4.5. Sensitivity Analysis
To evaluate the robustness of the model, this section conducts a sensitivity analysis on the final model. In real-world residential electricity consumption forecasting, many variables are prone to errors. For example, variables such as house area and swimming pool usage time are typically provided by homeowners rather than being measured accurately, and thus may contain certain deviations. Additionally, some errors may also exist during data filtering and construction processes. Therefore, it is necessary to perform a sensitivity analysis on the DNM model.
In this study, we introduced perturbations to the final input dataset of the model to evaluate its sensitivity. Specifically, three random variables were selected from the dataset in each iteration, and perturbations with a magnitude of 0.05 (a commonly used perturbation level) were added. This process was repeated 10 times under the perturbation condition, and the model evaluations were recorded. The detailed results are presented in
Table 9.
The mean value of
in the
Table 9 is 0.6903, which differs by approximately 0.05 from the model’s performance of 0.7423 without any perturbation. This result indicates that the DNM model’s prediction
variation under noise is within an acceptable range. The model demonstrates good stability and is capable of handling the residential electricity prediction task under data perturbation.
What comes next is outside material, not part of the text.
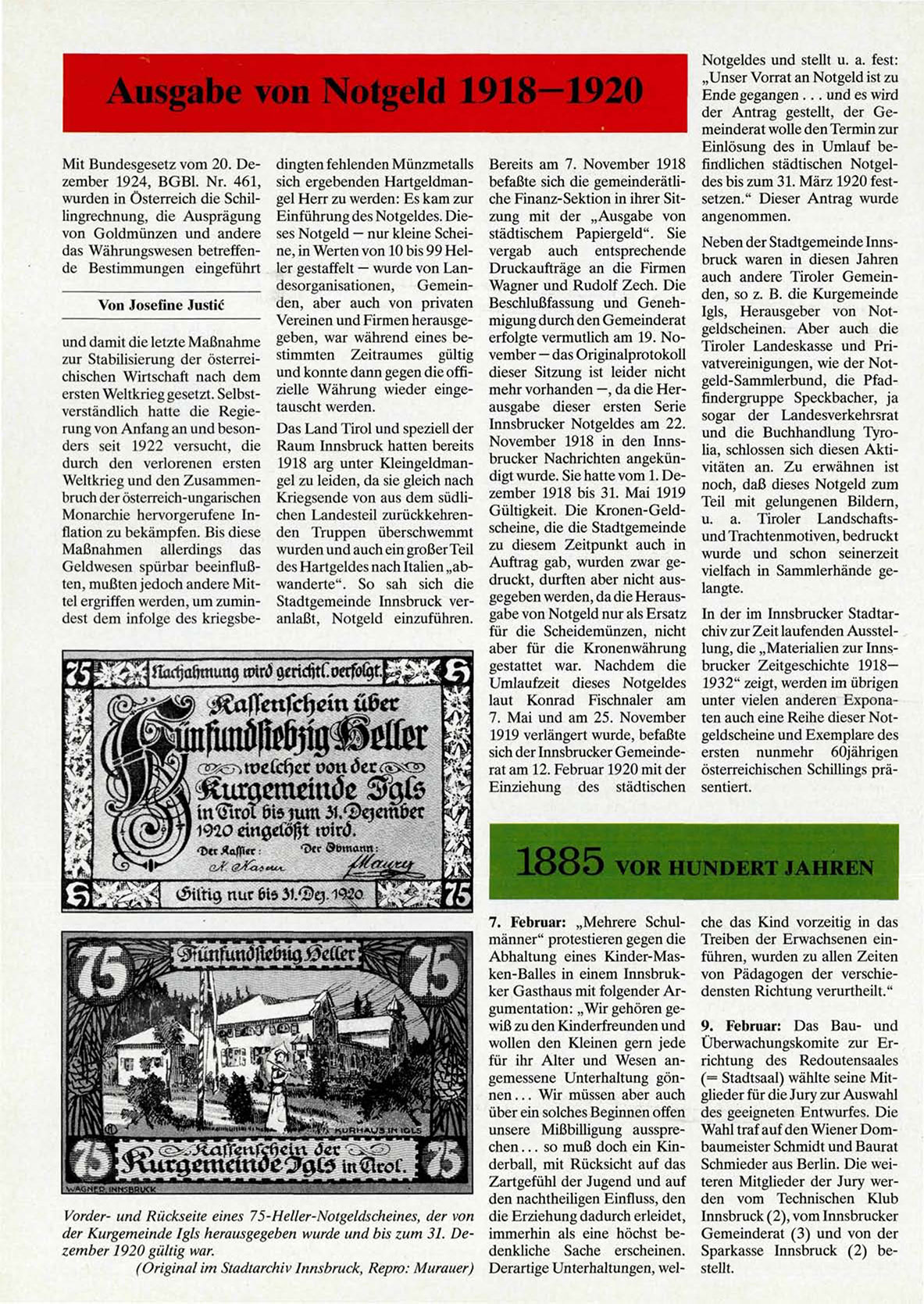 gegeben werden, da die Herausgabe von Notgeld nur als Ersatz In der im Innsbrucker Stadtarfür die Scheidemünzen, nicht chiv zur Zeit laufenden Ausstelaber für die Kronenwährung lung, die „Materialien zur Innsgestattet war. Nachdem die brucker Zeitgeschichte 1918—

4.6. Practical Significance
The data in this paper comes from the 2020 Residential Energy Consumption Survey, which primarily targets U.S. households. From the final model predictions, it can be seen that Features 2, 3, 4, and 5 are all components of the total electricity consumption. Feature 2 represents electricity usage excluding space heating, space cooling, and refrigerators, and it is undoubtedly closely related to the total electricity consumption. Features 3 and 4 represent the electricity consumption for space cooling and heating, which play a significant role in the total electricity consumption. This indicates that space cooling and heating are major sources of household electricity consumption. Feature 5 corresponds to the electricity consumption for water heating. Given the significant time spent on water usage in daily life, the electricity consumption for water heating contributes notably to the total electricity consumption prediction. The above features are the ones that need to be constructed. There are only two features that do not require construction: the house’s square footage and the months during which the pool was used last year. It is evident that house size is positively correlated with electricity consumption—larger houses tend to consume more electricity. As for the pool’s electricity usage, it is clearly higher than that of any other appliance, even the entire house’s consumption. Therefore, if electricity saving is desired, paying attention to the consumption of space cooling or heating, reducing the frequency of water heating, and limiting the use of the pool can be quite helpful.